_TASK REQUIREMENTS:_
Without including any pictures, return the records below exactly as written.
********************
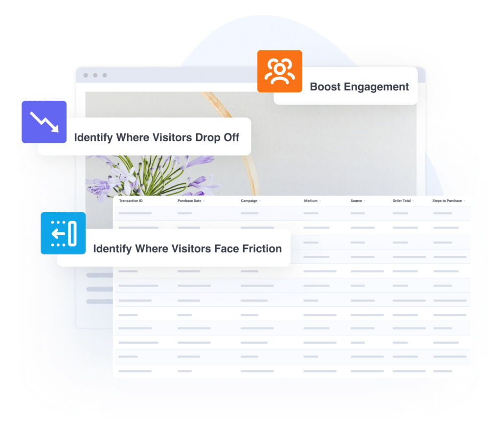 Instantly access your User Journey report and view key purchase details, including UTM parameters, transaction IDs, purchase dates, order totals, steps to purchase, and more with ease – no need to build complex reports.
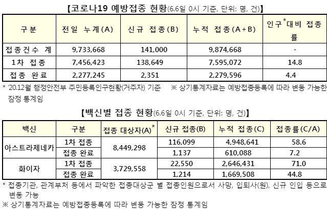 | 코로나19 집계(2021.6.8. 0시 기준)/:/ 454명/:/ 변이바이러스 현황, 이상반응집계 및 심의결과/:/ 1075만 명 접종. (0) | 2021.06.08 |
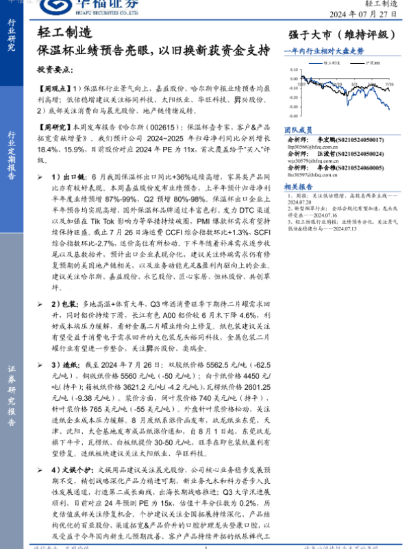 【华福证券】【20240727】20240727-华福证券-轻工制造行业定期报告:保温杯业绩预告亮眼,以旧换新获资金支持-21页
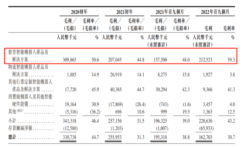 教育业务不仅贡献了营收,其较高的毛利水平也让优必选可以在十分依赖投入的赛道里走得更加稳健。从招股书看,教育智能机器人产品及解决方案始终是毛利最高的业务。2022财年前9个月,其毛利率达到59.3%,比上一年同期高11.3个百分点,毛利水平远超其他业务。
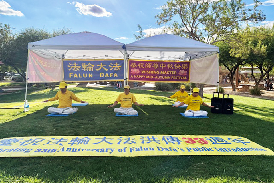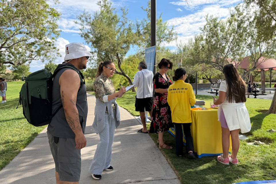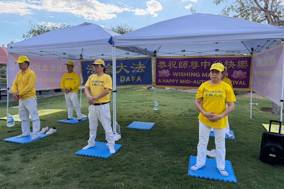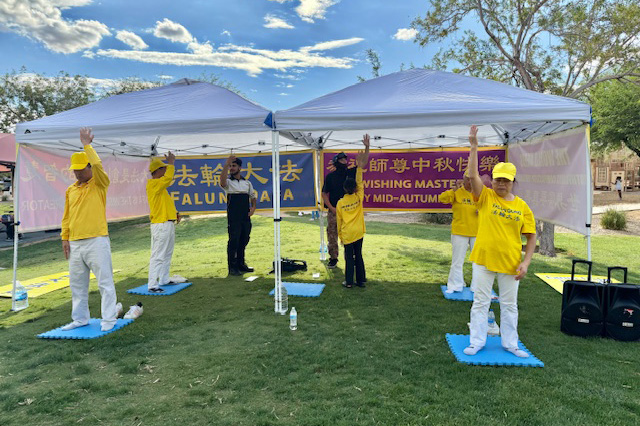 【明慧网二零二五年十月二日】中秋时节“月圆人圆”,寓意着祥和、感念与团圆。一年中秋月又圆,二零二五年九月二十八日下午,拉斯维加斯部分法轮功学员在探索峰公园(Exploration Peak Park)举办庆祝活动,把法轮大法的美好传递给当地民众,同时恭祝师尊中秋快乐,感恩师父的慈悲普度。
********************
_WRITTEN ANSWER:_
 Instantly access your User Journey report and view key purchase details, including UTM parameters, transaction IDs, purchase dates, order totals, steps to purchase, and more with ease – no need to build complex reports.
 | 코로나19 집계(2021.6.8. 0시 기준)/:/ 454명/:/ 변이바이러스 현황, 이상반응집계 및 심의결과/:/ 1075만 명 접종. (0) | 2021.06.08 |
 【华福证券】【20240727】20240727-华福证券-轻工制造行业定期报告:保温杯业绩预告亮眼,以旧换新获资金支持-21页
 教育业务不仅贡献了营收,其较高的毛利水平也让优必选可以在十分依赖投入的赛道里走得更加稳健。从招股书看,教育智能机器人产品及解决方案始终是毛利最高的业务。2022财年前9个月,其毛利率达到59.3%,比上一年同期高11.3个百分点,毛利水平远超其他业务。
 【明慧网二零二五年十月二日】中秋时节“月圆人圆”,寓意着祥和、感念与团圆。一年中秋月又圆,二零二五年九月二十八日下午,拉斯维加斯部分法轮功学员在探索峰公园(Exploration Peak Park)举办庆祝活动,把法轮大法的美好传递给当地民众,同时恭祝师尊中秋快乐,感恩师父的慈悲普度。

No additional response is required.